WORK ITEM
An exact copy of the data below is needed; please leave out any pictures.

══════════

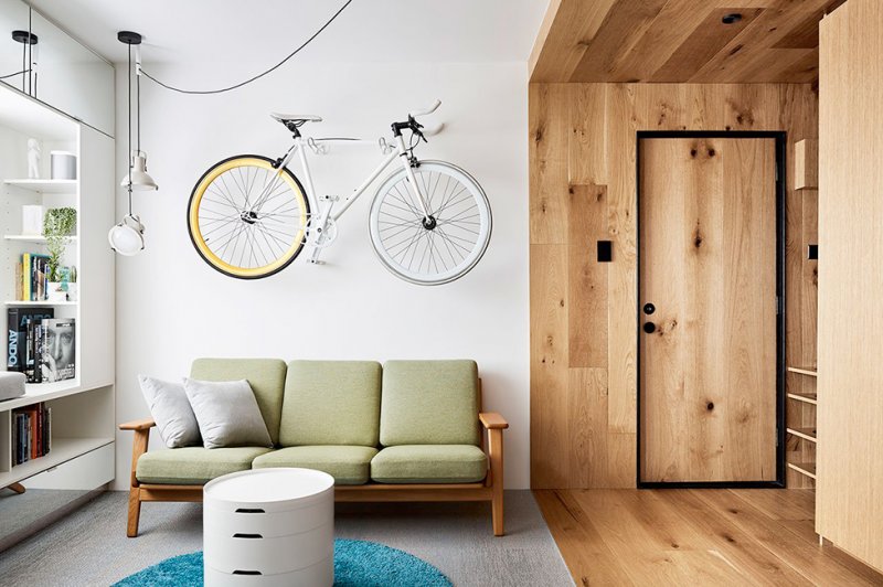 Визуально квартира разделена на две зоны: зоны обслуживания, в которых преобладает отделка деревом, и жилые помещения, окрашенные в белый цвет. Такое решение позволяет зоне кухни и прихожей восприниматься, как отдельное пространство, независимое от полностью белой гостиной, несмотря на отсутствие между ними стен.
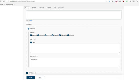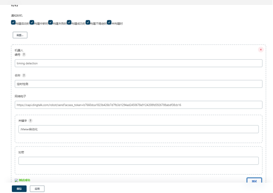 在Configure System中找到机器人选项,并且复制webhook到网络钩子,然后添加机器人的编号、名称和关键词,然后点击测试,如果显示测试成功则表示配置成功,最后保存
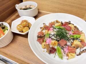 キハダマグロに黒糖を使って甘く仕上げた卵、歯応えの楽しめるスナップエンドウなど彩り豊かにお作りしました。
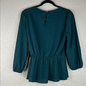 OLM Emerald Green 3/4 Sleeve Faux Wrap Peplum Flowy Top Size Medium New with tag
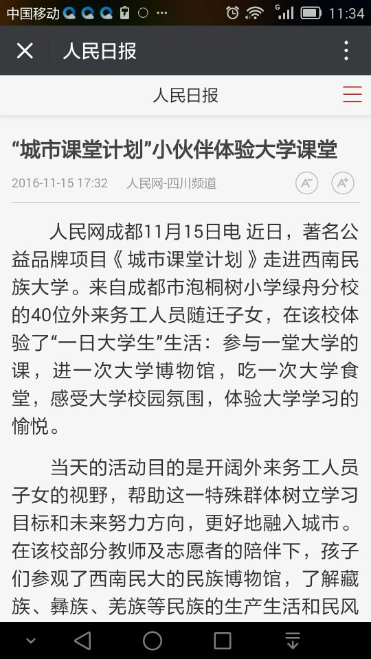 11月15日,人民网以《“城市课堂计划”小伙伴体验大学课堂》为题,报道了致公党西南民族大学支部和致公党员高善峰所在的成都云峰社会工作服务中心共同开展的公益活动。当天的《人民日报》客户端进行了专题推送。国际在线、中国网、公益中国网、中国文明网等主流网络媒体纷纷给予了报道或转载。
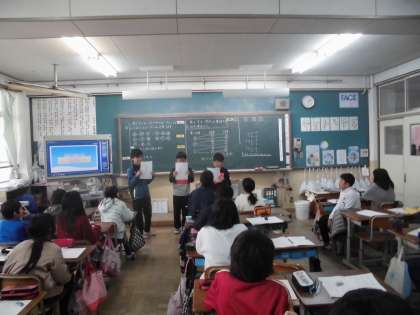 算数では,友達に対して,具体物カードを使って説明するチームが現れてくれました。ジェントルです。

══════════

RESPONSE AREA
 Визуально квартира разделена на две зоны: зоны обслуживания, в которых преобладает отделка деревом, и жилые помещения, окрашенные в белый цвет. Такое решение позволяет зоне кухни и прихожей восприниматься, как отдельное пространство, независимое от полностью белой гостиной, несмотря на отсутствие между ними стен.
 在Configure System中找到机器人选项,并且复制webhook到网络钩子,然后添加机器人的编号、名称和关键词,然后点击测试,如果显示测试成功则表示配置成功,最后保存
 キハダマグロに黒糖を使って甘く仕上げた卵、歯応えの楽しめるスナップエンドウなど彩り豊かにお作りしました。
 OLM Emerald Green 3/4 Sleeve Faux Wrap Peplum Flowy Top Size Medium New with tag
 11月15日,人民网以《“城市课堂计划”小伙伴体验大学课堂》为题,报道了致公党西南民族大学支部和致公党员高善峰所在的成都云峰社会工作服务中心共同开展的公益活动。当天的《人民日报》客户端进行了专题推送。国际在线、中国网、公益中国网、中国文明网等主流网络媒体纷纷给予了报道或转载。
 算数では,友達に対して,具体物カードを使って説明するチームが現れてくれました。ジェントルです。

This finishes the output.